Task »
Leave the pictures aside and copy all the data exactly.

Dataset excerpt »
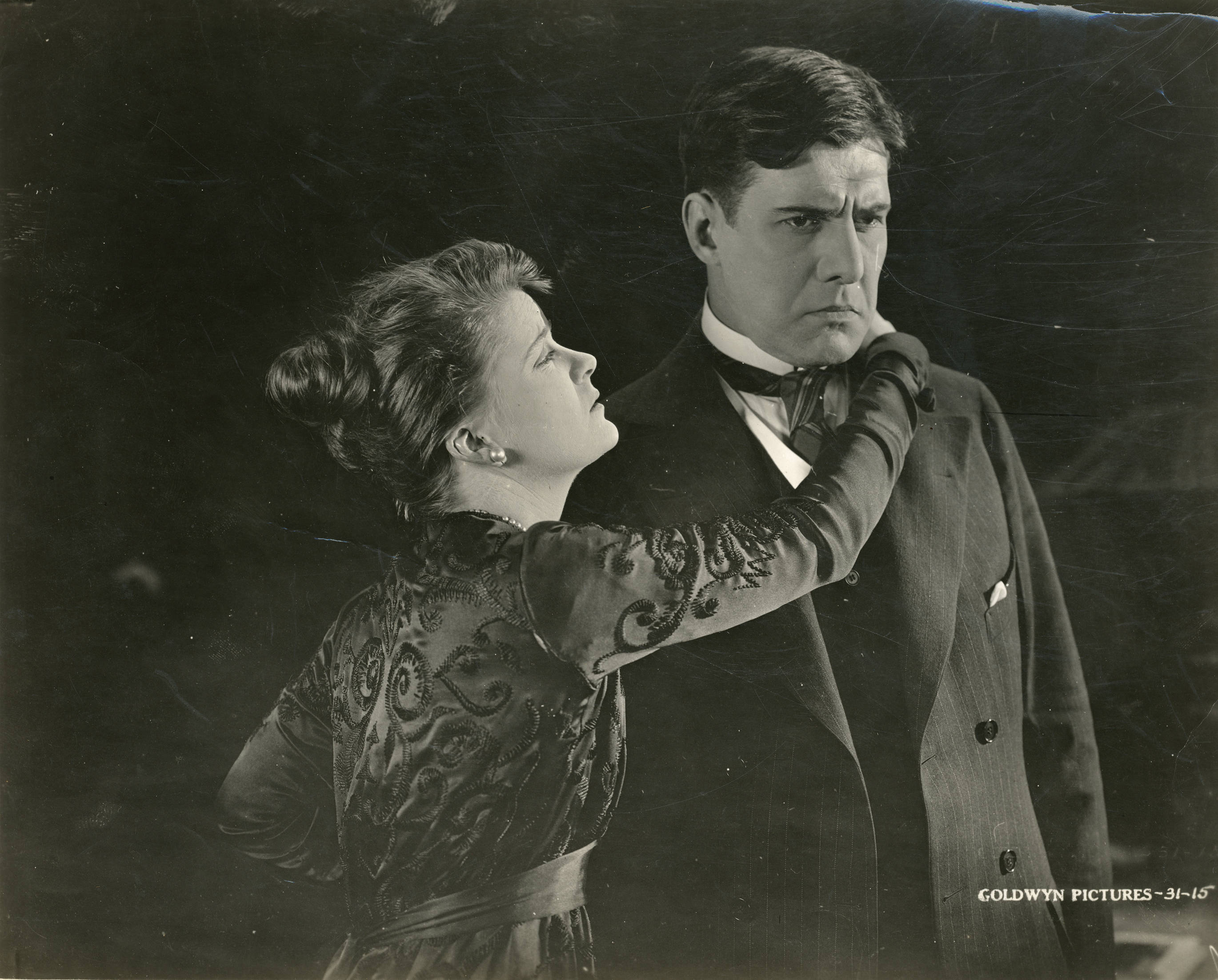 A scene from the American comedy drama film Hidden Fires with Mae Marsh. Subjects: motion pictures, actresses
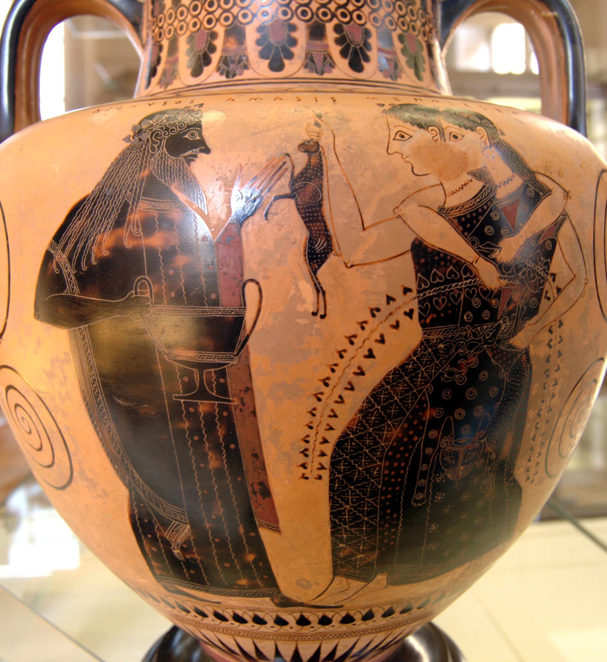 Side B: Dionysos (named) and two maenads, one holding a hare; Amasis' signature (Αμασις vac. μεποιεσεν).
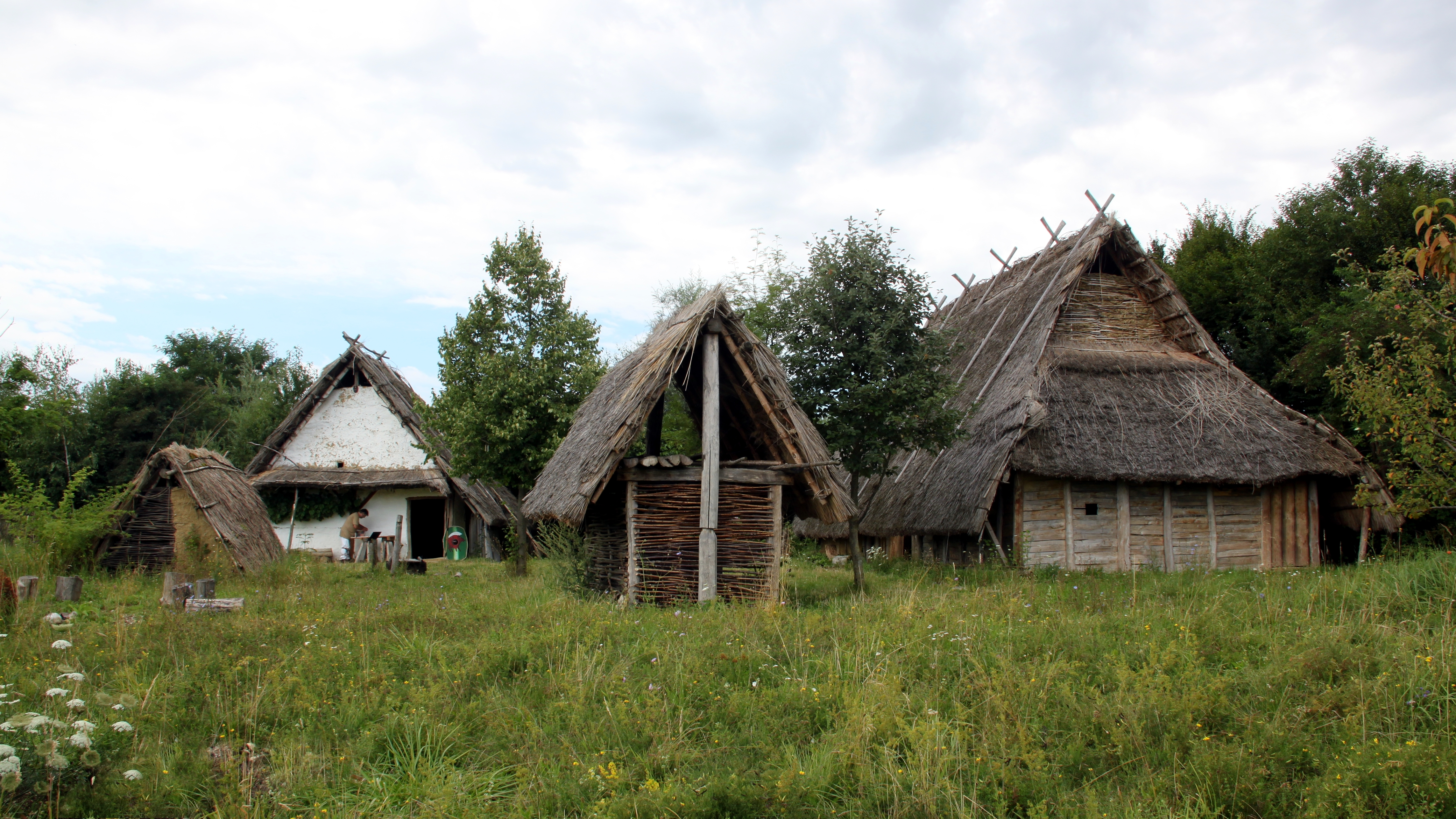 Bajuwarenhof Kirchheim: pit-house #1, outbuilding, pit-house #2 and longhouse.

Written reply »
 A scene from the American comedy drama film Hidden Fires with Mae Marsh. Subjects: motion pictures, actresses
 Side B: Dionysos (named) and two maenads, one holding a hare; Amasis' signature (Αμασις vac. μεποιεσεν).
 Bajuwarenhof Kirchheim: pit-house #1, outbuilding, pit-house #2 and longhouse.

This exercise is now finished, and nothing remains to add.